This article originally appeared on The Atlantic.
In recent years, Raj Chetty has become economist-famous for cataloging American inequality, assembling enormous data sets showing which Americans tend to get ahead. More to the point, his work show where Americans tend to get ahead. Chetty, a Harvard economics professor, has focused on how where one grows up shapes one’s economic prospects.
Chetty’s research demonstrates just how unevenly “upward mobility”—basically, people’s ability to earn more money than their parents did—is dispersed throughout the country. The following visual, for instance, shows the average earnings at age 35 of people raised in various regions to parents who were in the 25th percentile of income; the areas shaded in blue offer more upward mobility to children born there, while the areas shaded in red offer less.
But Chetty and his research collaborators have gotten much more granular than that. Those same reds and blues, it turns out, exist on the level of the city block. Consider the large disparities in average earnings for people born into low-income black families and raised in different, but nearby, parts of Brooklyn’s Brownsville neighborhood. (Each rectangle represents a city block.)
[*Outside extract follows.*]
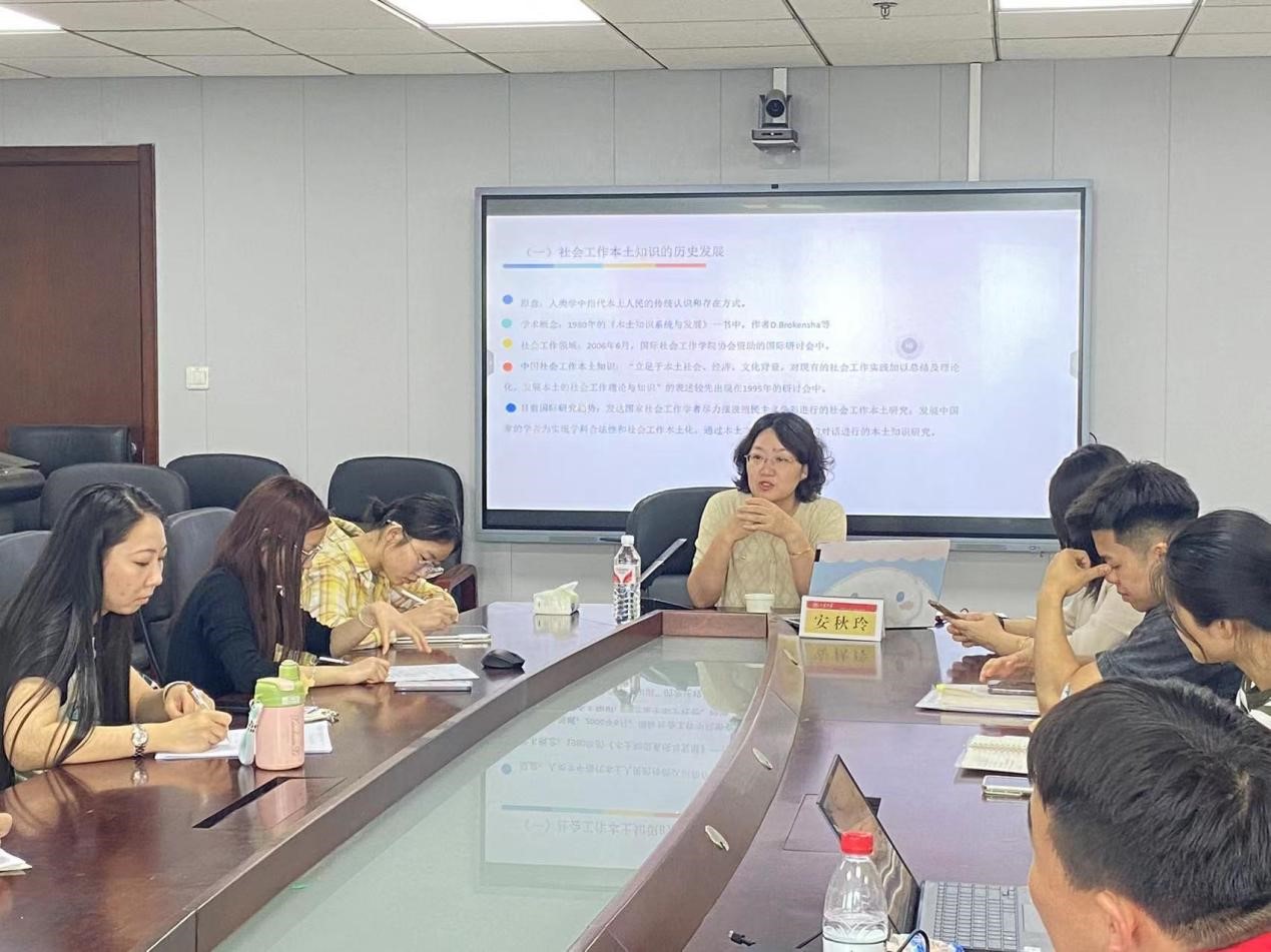 首先,安秋玲教授在讲座中对社会工作本土化知识的定义进行了深入剖析,强调了在本土文化和社会背景下理解和运用社会工作知识的重要性。随后,她详细阐述了社会工作干预过程中知识生产的五阶段模式,包括明确问题与开发项目理论、创建材料并形成干预手册、以有效性的测试来完善确认项目成分、干预实施和传播研究结果以及推广项目材料。此外,安教授还探讨了知识转化、知识转移、知识改编和知识创作四条社会工作干预中知识生产路径,回答了“怎样理解社会工作知识生产”以及“社会工作干预过程中是否有本土性知识生产和如何生产”的问题,为与会师生提供了宝贵的学术见解和实践指导。

Huge gaps in economic prospects, in other words, frequently exist across very short distances. And it’s a bit jarring just how short those distances can be. “Poverty rates that are more than about half a mile away from your house are essentially completely irrelevant in predicting your own outcomes,” Chetty told an audience at the Aspen Ideas Festival, co-hosted by the Aspen Institute and The Atlantic. Which is to say, a high rate of poverty in the area immediately surrounding one’s home can be stifling, even if a “higher opportunity” neighborhood with great schools is only a short distance away.
Chetty said that this half-mile figure can be viewed as both encouraging and discouraging. It’s discouraging in the sense that a straightforward, one-size-fits-all nationwide policy would be unlikely to address neighborhood-specific disparities—something more locally tailored is probably in order.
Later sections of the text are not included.